What are the major categories of village industries?

All the village industries have been grouped into seven major categories as follows:

  1. Mineral- based industry,
  2. Forest- based industry,
  3. Agro- based industry,
  4. Polymer and chemical- based industry,
  5. Engineering and non-conventional industry,
  6. Textile industry (including Khadi), and
  7. Service industry.

For understanding the meaning of these industries deeply, I’ll give some description of each point.

  1. Mineral- based industry: Minerals industries are geological materials which are mined for their commercial value, which are not fuel (fuel minerals or mineral fuels) and are not sources of metals (metallic minerals). They are used in their natural state or after beneficiation either as raw materials or as additives in a wide range of applications.

List of some industrial minarals are Aggregates, Alunite, Asbestos, Asphale, Ball clays, Baryte, Bentonite, Borates, Brines, Carbonatites, Corundum, Diamond etc.

  1. Forest- based Industry: Forest based industry though not much fossil evidence is available; studies indicate that extensive forest under tropical range existed in the tertiary period in parts of Bangladesh. Glutaxylon, Dipterocarpoxylon, Cynometroxylon fossils, all from Miocene beds, discovered in adjacent areas have affinities with species found today in tropical conditions.
  2. Agro- based Industry: Bangladesh is primarily an agrarian economy. Agriculture is the single largest producing sector of economy since it comprises about 30% of the country’s GDP and employing around 60% of the total labor force. The performance of this sector has an overwhelming impact on major macroeconomic objectives like employment generation, poverty alleviation, human resources development and food security. Agricultural holdings in Bangladesh are generally small. Through Cooperatives the use of modern machinery is gradually gaining popularity. Rice, Jute, Sugarcane, Potato, Pulses, Wheat, Tea and Tobacco are the principal crops. The crop sub-sector dominates the agriculture sector contributing about 72% of total production. Fisheries, livestock and forestry sub-sectors are 10.33%, 10.11% and 7.33% respectively.
  3. Polymer and Chemical- based Industry: While many of the products from the industry, such as detergents, soaps and perfumes, are purchased directly by the consumer, 70% of chemicals manufactured are used to make products by other industries including other branches of the chemical industry itself. The industry uses a wide range of raw materials, from air and minerals to oil. With increasing competition worldwide, innovation remains crucial in finding new ways for the industry to satisfy its increasingly sophisticated, demanding and environmentally-conscious consumers. The products of the chemical industry can be divided into three categories: Basic chemicals, Specialty chemicals, and Consumer chemicals.
  4. Textile Industry (Including Khadi): The textile industry or apparel industry is primarily concerned with the design and production of yarn, cloth, clothing, and their distribution. The raw material may be natural or synthetic using products of the chemical industry.
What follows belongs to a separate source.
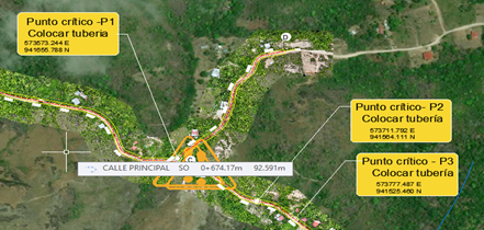 Nota: Se pudieron determinar los puntos críticos para la colocación de tuberías y tragantes pluviales.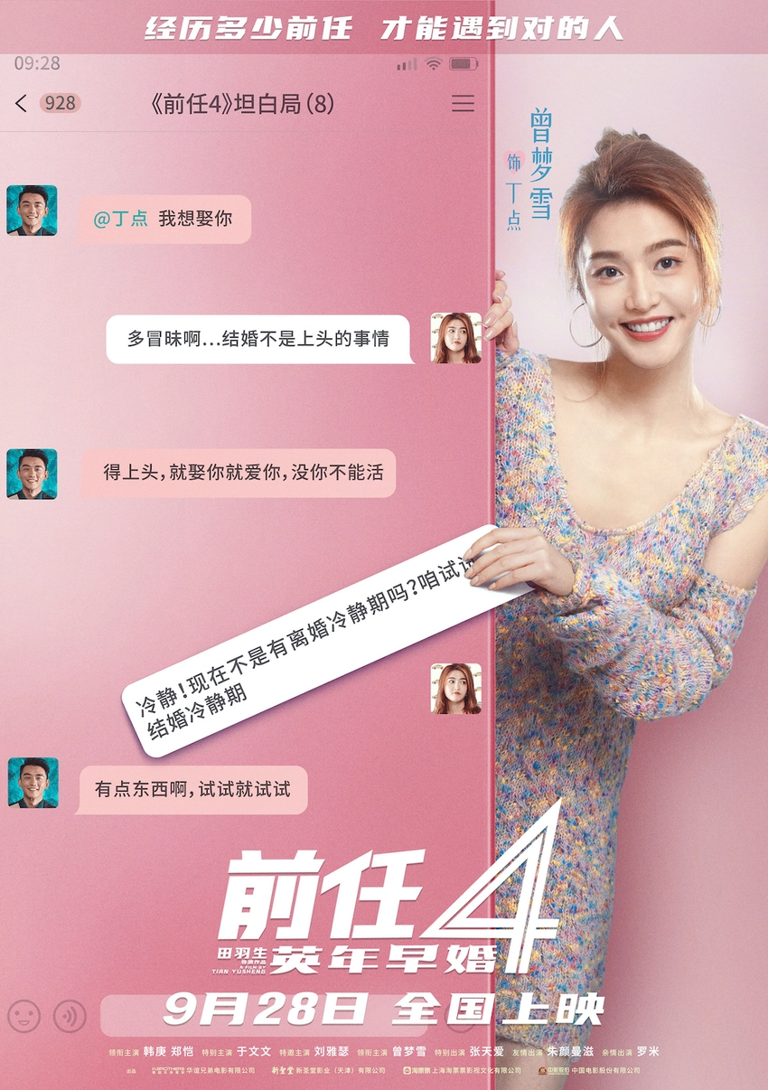 映画“前任4:英年早婚”は9月28日に国慶枠で全国公開される。

The textile and clothing (T&C) industries provide the single source of economic growth in Bangladesh’s rapidly developing economy. Exports of textiles and garments are the principal source of foreign exchange earnings. Agriculture for domestic consumption is Bangladesh’s largest employment sector. By 2002 exports of textiles, clothing, and ready-made garments (RMG) accounted for 77% of Bangladesh’s total merchandise exports. By 2013, about 4 million people, mostly women, worked in Bangladesh’s $19 billion-a-year industry, export-oriented ready-made garment (RMG) industry. Bangladesh is second only to China, the world’s second-largest apparel exporter of western brands. Sixty percent of the export contracts of western brands are with European buyers and about forty percent with American buyers. Only 5% of textile factories are owned by foreign investors, with most of the production being controlled by local investors.

Bangladesh’s textile industry has been part of the trade versus aid debate. The encouragement of the garment industry of Bangladesh as an open trade regime is argued to be a much more effective form of assistance than foreign aid. Tools such as quotas through the WTO Agreement on Textiles and Clothing (ATC) and Everything but Arms (EBA) and the US 2009 Tariff Relief Assistance in the global clothing market have benefited entrepreneurs in Bangladesh’s ready-made garments (RMG) industry. Bangladesh, with a population of about 156 million, is among the most densely populated countries in the world. In 2012 the textile industry accounted for 45% of all industrial employment in the country yet only contributed 5% of the Bangladesh’s total national income.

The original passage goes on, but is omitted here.